Cracking Misconceptions: 3 Must-Knows About SydneyAustralia, Australia/New Zealand/Pacific, Destinations, Extras — By Yelena G on June 30, 2011 at 4:00 am
Yelena Galstyan, a magazine journalism student at Syracuse University, recently completed a study abroad semester at the University of Queensland in Brisbane, Australia. For her fifth and final piece in a series about her observations in the land down under, she corrects three common misconceptions about Sydney.
Within the first week of my semester in Brisbane, I began planning my adventures throughout the country. My laid-back schedule allowed me four-day weekends and my live-life-to-the-fullest attitude made me eager to book trips and soak up all the goodness Australia had to offer.
When people think of Australia, they almost instantly think of Sydney. However, my mind was on everywhere but this destination. I knew that undertaking the country’s largest city was a check on my to-do list, but it waned toward the bottom. I kept putting the visit off. The truth is, I heard some unflattering reviews of Sydney. It’s a good thing I went there and proved them wrong.
Don’t always believe what you hear. After spending three days in the Harbour city I cracked these common misconceptions:
Sydney is too big, too dirty and too much like New York City
On the contrary, Sydney is spacious, despite being the most diverse and highly populated of all cities in Australia. When you walk through the urban streets, you will notice that they are neither overcrowded with pedestrians or traffic nor heavily encompassed by litter. Life moves at a brisk pace for Sydneysiders, but not enough to overwhelm you.
Within two days of exploring Sydney, I covered all of the city’s must-see areas and became familiar with its layout. Try doing that in NYC. As a current Manhattan resident, I can tell you that the two cities are starkly different. Sydney’s urban life isn’t as fast pace, the people seem to be more relaxed (like most Aussies), and it’s pretty well kept. While New York’s metropolitan area is rearing 19 million, Sydney’s population was reported to have just surpassed 4.5 million. Not bad.
Sydney lacks natural scenery
When you’re done gazing at the Harbour Bridge and Sydney Opera House, take a moment to soak in Sydney’s natural landscapes: national parks, bays, rivers, inlets, and beaches. Sydney puts an emphasis on not becoming too industrial and maintains its natural surroundings for locals and tourists to enjoy.
Within the city, there are many notable parks including Hyde Park and the Royal Botanical Gardens. A short ferry ride away is Manly Beach, one of the city’s most popular seaside attractions. The equally popular Bondi Beach is known for its sandy turf and surf. If you have a day to spare, venture out to the Blue Mountains, a geological wonderland just an hour’s drive from the city.
Sydney is not, well, Australian enough
One of the first comments I heard about Sydney is that you could place it anywhere in world, and it would fit right in, implying that it wasn’t as uniquely Australian as other places in the country.
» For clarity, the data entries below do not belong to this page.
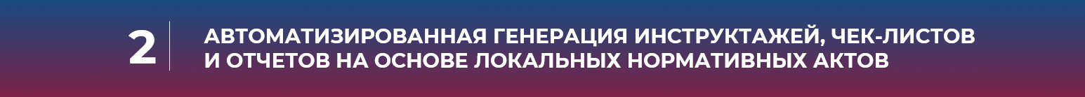 При подготовке отчетности ИИ выполняет роль не только сборщика данных, но и аналитика, стратега. Система позволяет формировать отчеты по результатам проверок для различной целевой аудитории — как на линейном уровне, так и для высшего руководства, а также комплекты документов, определяющих или регистрирующих процессы СУОТ.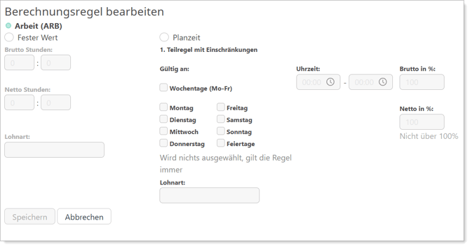 | Fester Wert | Für Tätigkeiten mit dieser Berechnungsregel werden dem Zeitkonto, unabhängig von der geplanten Dauer, ein fester Wert gutgeschrieben. |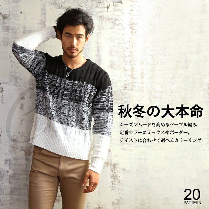 【送料無料】 ニット メンズ クルーネック&Vネックケーブル編みアランニット アランニット トップス ニット セーター メンズ ケーブルニット Vネック クルーネック ボーダー 無地 メンズファッション インプローブス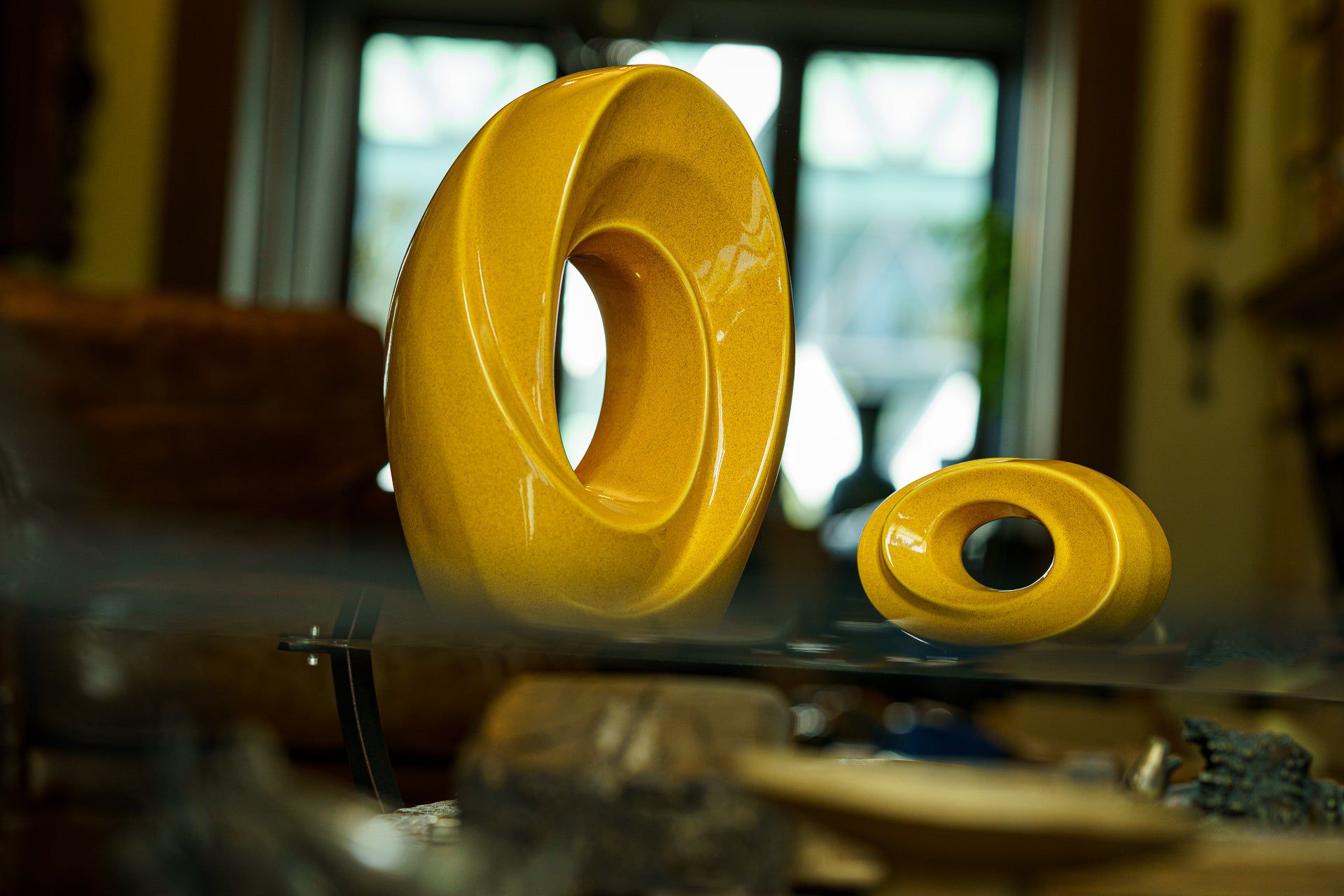 Introducing "The Passage" – a handmade cremation urn for ashes in a radiant Amber Yellow color, meticulously crafted by Pulvis Art Urns. This exquisite urn is a beautiful and dignified way to honor the memory of your loved one, providing a warm and inviting tribute.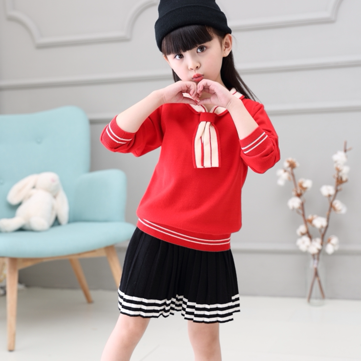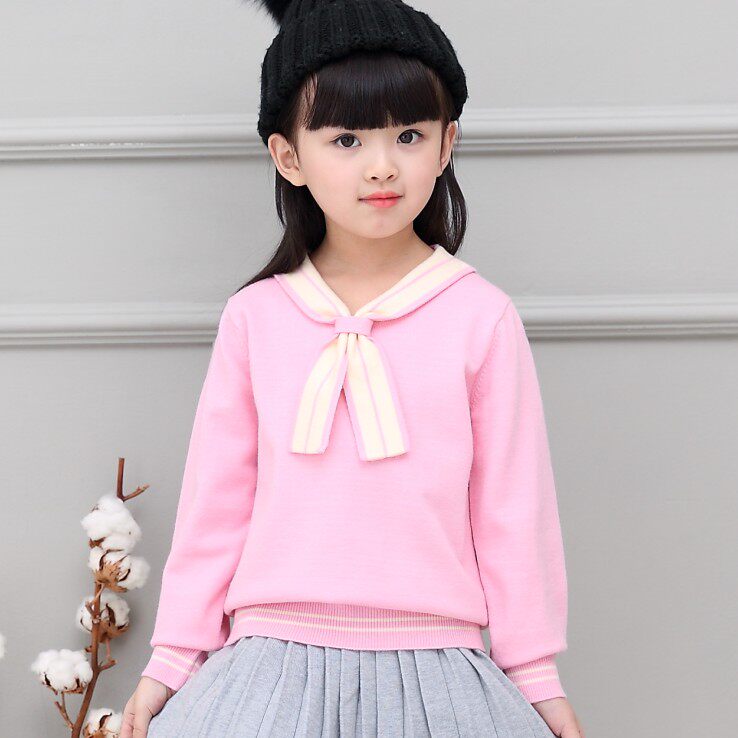 Girls' Knitwear Pullover Round Neck Sweater Middle-aged Children's Long Sleeve Loose Short Autumn and Winter Bottoming Coat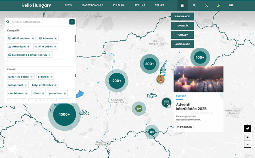 A Hello Hungary online turisztikai platform célja praktikus iránytűként támogatni az utazókat desztinációnk felfedezésében. A magyar és angol nyelvű magazin és közösségi média oldalai naponta frissülő utazásra inspiráló cikkekkel, audió- és videótartalmakkal, interaktív térképen is megjelenített izgalmas programokkal törekszik az úticélunk környezetében fellelhető látnivalók komplex profiljának bemutatására. A számos szűrővel ellátott térkép – rajta mindemellett több, mint 2300, fővároson kívüli turisztikai vonzerővel -, megkönnyíti a személyre szabott utazástervezést. A honlap és alkalmazás utazásra ösztönző tartalmaival az adatalapú működés irányába tart, sikeres nyereményjáték-kampányokkal s hírlevelekkel is elősegítve a teljesebb felhasználói élményt, a partnerek ismertségét, fenntartható üzletvitelét. A turizmus digitalizációjának jegyében immár intelligens globális kereső is segíti az AI erejével a látogatókat, hogy könnyedén rátaláljanak a számukra legmegkapóbb tartalmakra és autentikus turisztikai élményekkel gazdagodhassanak.Célcsoport: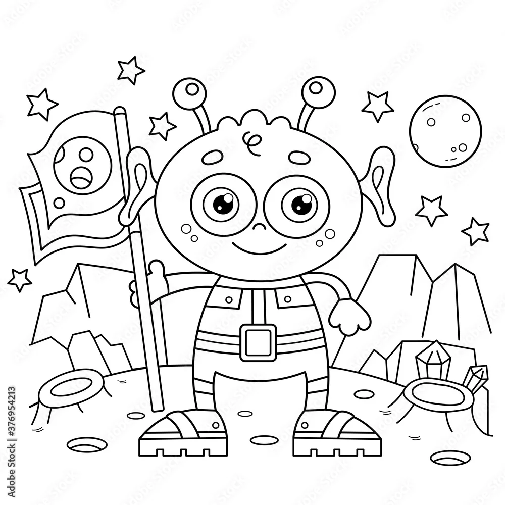 Coloring Page Outline Of a cartoon little alien with flag on planet. Space. Coloring book for kids.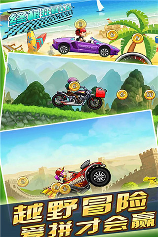 终极狂暴飞车游戏是一款充满速度与激情的赛车冒险手游,玩家将驾驶专属赛车穿梭于多样化的奇幻赛道。从幽深古墓到广袤沙漠,从神秘金字塔到葱郁丛林,每个场景都暗藏惊喜与挑战。在疾驰过程中,你需要灵活躲避障碍陷阱,收集沿途金币来升级爱车性能。游戏赋予玩家绝对自由,既可体验肾上腺素飙升的极速狂飙,也能放缓节奏欣赏沿途绝美风光。精心设计的特殊地形系统让你在嶙峋山石间漂移,在黄金铺就的古墓通道中探险,更有祖国大好河山的壮丽景观等你来征服。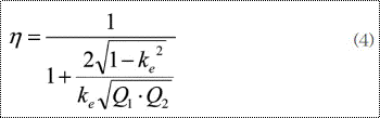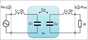 在送電部份、受電部份追加了誘導性元件。為了簡化起見,各個線圈以電感(L1,L2)以及Q factor(Q1,Q2)來表示。Pin乃是輸入電力(功率),負載的消耗電力為Pout;那麼電力傳送效率(η)就可以用數學式子來定義: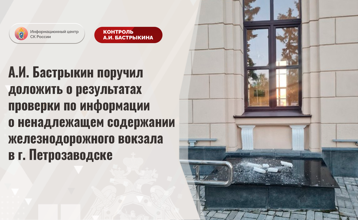 А.И. Бастрыкин поручил доложить о результатах проверки по информации о ненадлежащем содержании железнодорожного вокзала в г. Петрозаводске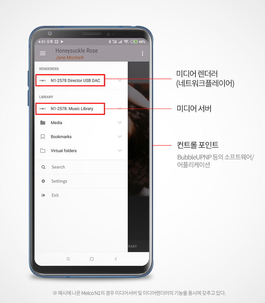 즉, 실제 소비자가 자신이 구입한 네트워크 플레이어를 눈으로 보고 느끼게 되는 인터페이스 역할을 하는 것이 바로 이 컨트롤 포인트 앱들입니다. 검색이 쉽고 간편하며, 파일의 정보를 보여주고, 재생이 쉽고 원활하게 되도록 해주는 앱 일수록 사용자는 그 네트워크 플레이어를 좋은 기기로 평가합니다. 네트워크를 통한 미디어 재생 과정에서는 사용자가 과거 CD나 플레이어의 리모컨처럼 실체를 만질 수 있는 것이 하나도 없습니다. 유일하게 사용자에게 경험을 제공하는 것이 이 컨트롤 포인트 역할을 하는 앱 뿐입니다. 그래서 앱의 인터페이스가 뛰어날수록(즉, 편리하고 쉬운 사용자 경험을 안겨줄수록) 뛰어난 네트워크 플레이어로 평가합니다. 사실 플레이어는 재생만할 뿐 이런 플레이어의 음질이나 성능과 무관하지만 말이죠. 하지만 사용자들은 앱이 곧 플레이어라는 생각을 하는 분이 많습니다.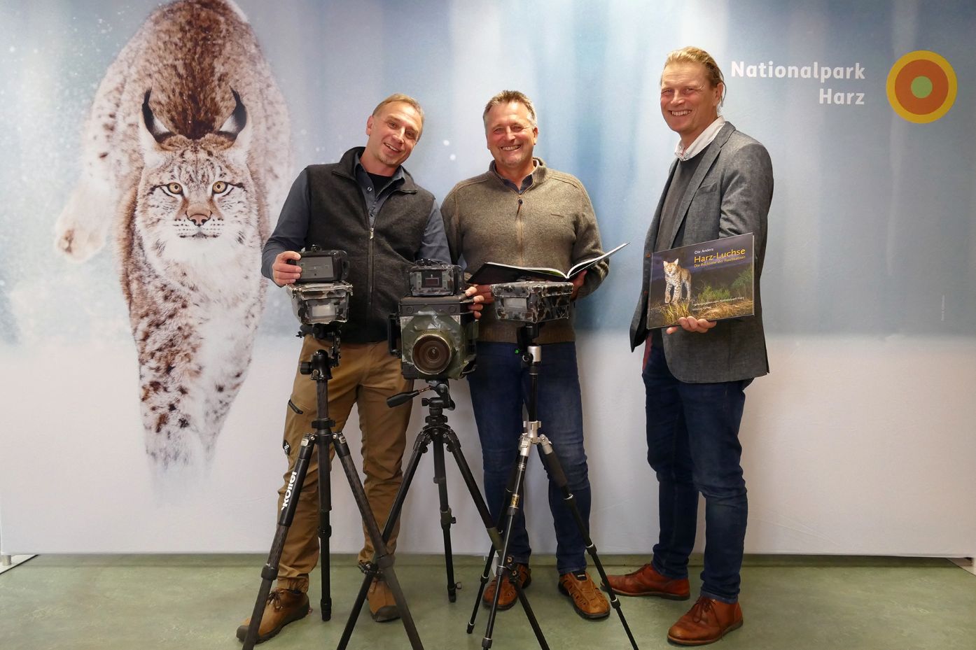 FOTO 1: Ole Anders, Koordinator des Luchsprojektes Harz, mit Nationalparkleiter Dr. Roland Pietsch und Verleger Jörg Mitzkat mit dem frisch erschienen Bildband „Harz-Luchse – Die Rückkehr der Raubkatzen“. Im Vordergrund eine der Fotofallen, mit denen Anders die eindrucksvollen Fotos der Luchse gemacht hat. Foto: Martin Baumgartner,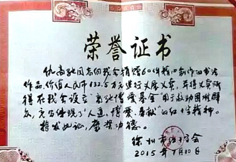 仇高驰教授长期以来热心公益事业,2015年于徐州市立美术馆义捐义展60余幅书法扛鼎之作,并将130余万元所得款倾囊捐赠徐州市红十字会,设立“仇高驰博爱基金”,以此善款用于助残、助学、助困等民生事业。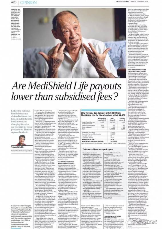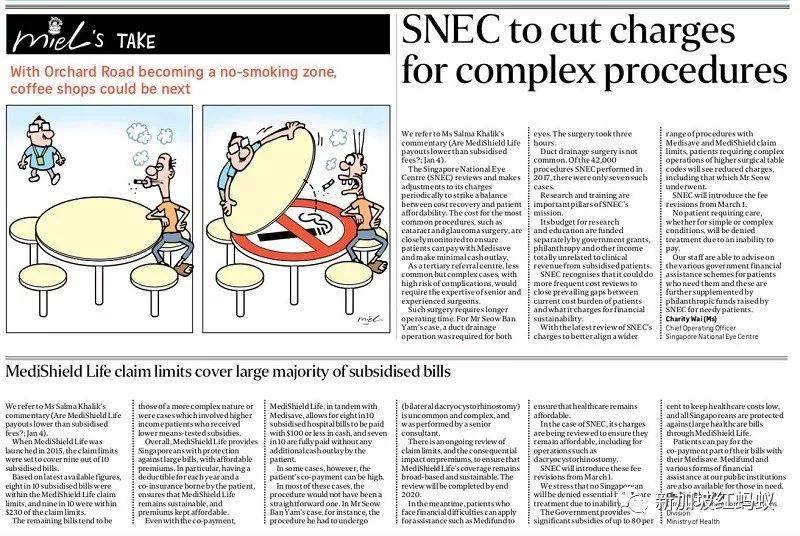 广告《海峡时报》资深医药线记者Salma Khalik将萧老伯的案例在2018年最后一天报道后,1月4日又撰写了长长的一篇评论解释终身健保(MediShield Life)计划目前的不足之处,引发网上热议,自然也引起有关当局关注。全国眼科中心和卫生部各自投函到《海峡时报》言论版回应Salma的文章,两封信函今早同时刊登在《海峡时报》。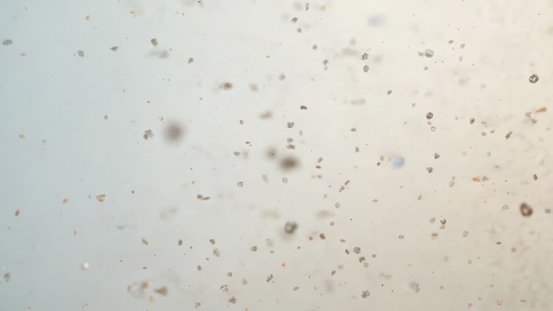 AI Generated Image. Macro video showing tiny dust specks floating and drifting through soft, neutral gradient. Particles moving slowly with shallow depth of field and delicate bokeh highlights. Minimal, abstract motion creating calm, airy atmosphere for use as background or overlay. Suitable for website headers, title screens, product presentations, lifestyle videos, cleaning or air quality topics. Loopable clip with neutral color palette and subtle motion allowing text or graphics placement over negative space. Recommended uses include cinematic transitions, promotional reels, environmental awareness pieces, product closeups, mood-building interstitials.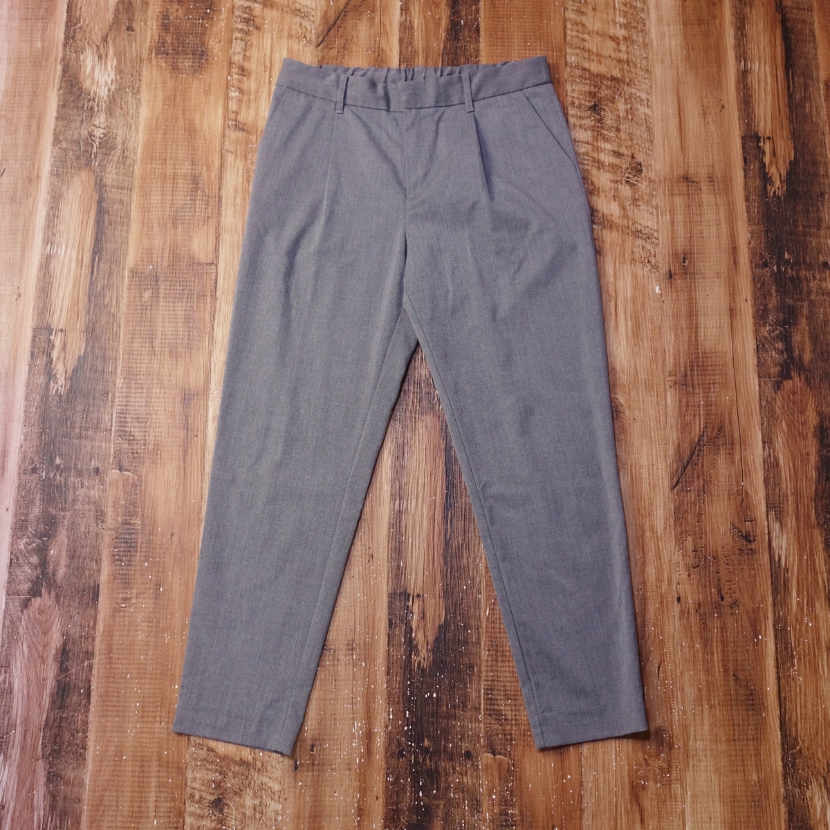 > 美品 無印良品 MUJI テーパードイージーパンツ レディース オフィス きれいめ ウエストゴム Mサイズ グレー QF9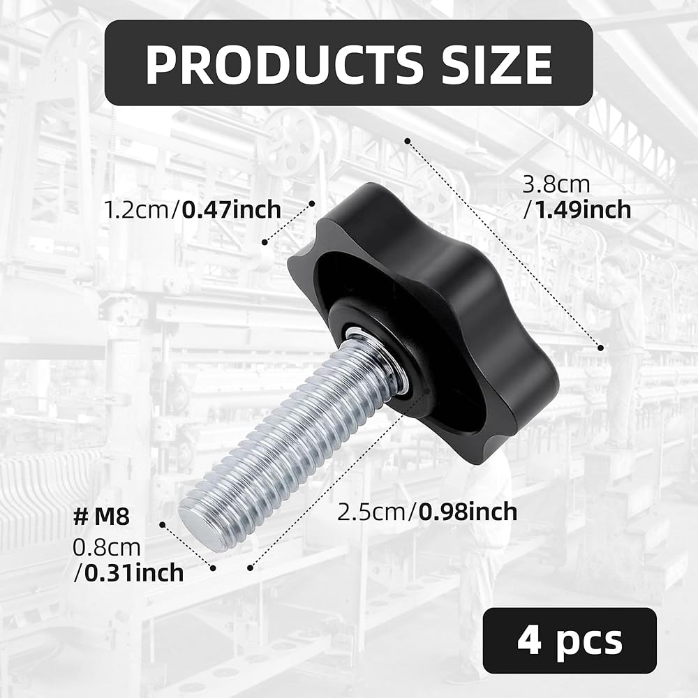 • 1. 【Package Included】4 Pcs M8 x 25mm threaded star knobs, ideal as replacement screws for Christmas tree stand, umbrella base, and patio umbrella hand tightening needs.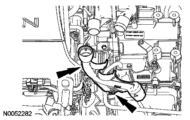 11. NOTE: The coolant hoses have been removed for clarity.
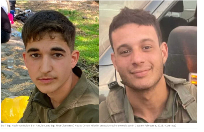 Leider musste die IDF erneut den Tod von zwei Soldaten bekannt geben. Staff Sgt. Nachman Rafael Ben Ami, 20, und Sgt. First Class (res.) Nadav Cohen, 21, s’’l, wurden Opfer eines tragischen Unfalls. Ein von der IDF genutzter Kran stürzte zusammen und fiel auf ein Zelt, in dem die Soldaten schliefen. Acht weitere Soldaten wurden verletzt. Auf dem Kran war eine Plattform mit Überwachungsausrüstung und Antennen installiert, die von der IDF während des Krieges zur mobilen Überwachung eingesetzt wurden.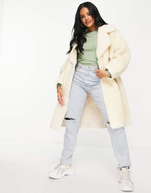 NA-KD - Oversized teddy-frakke i råhvid PU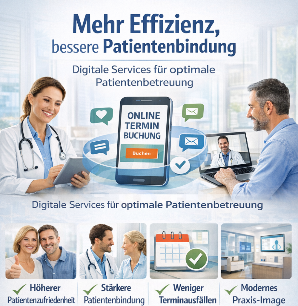Neben der internen Entlastung verbessert die Digitalisierung auch die Außenwirkung Ihrer Praxis. Patienten erwarten heute einen modernen Service – von der Online-Terminbuchung bis zur digitalen Kommunikation.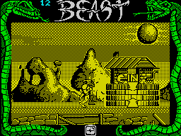 Before the final showdown you must travel through the wild and dangerous lands that border the Beast Lord’s domain. Evil-minded creatures are out to stop you reaching their master. Your defence are your fists and your feet, but, as you travel along, items present themselves for collection: keys (to open locked doors), potions (different effects) and weapons. With every hit you take from the enemy your heart rate rises. If it beats too fast it explodes (not a very nice death).

From my observations, Sydney is brimming with Aussie history, culture, fashion, art, and cuisine.
The city developed from the first British settlement in the country and its humble beginnings are still intermingled among the skyscrapers and modern architecture. For example, the Rocks, a metropolitan area just west of Circular Quay, is a historical precinct in the city with sandstone buildings preserved in their original condition. And for a modern evening out, visit The Argyle hotel and nightclub past dusk.
Sydney competes with Melbourne for being the most cultural city, and promotes its diversity, hosting a number of festivals and serving as a filming location for many prominent movies. It’s also recognized for a vibrant gay community and a liberal lifestyle.
Sydney is well-recognized for beer brewing, too. James Squire, a man with convict roots, is known for the first cultivation of hops in the new colony, a practice that was illegal at the turn of the 19th century. Officials came to reprimand Squire, but after trying his beer, they fell in love with the formula and he lived to see another day. James Squire Pale Ale and Golden Ale are popular Australian beers today. Make sure to grab a bottle in the city where it all started. Sydney is a compilation of stories like this one. The city’s multicultural essence makes it uniquely Australian, no more, no less.
So, go visit Sydney with an open mind and see what you find.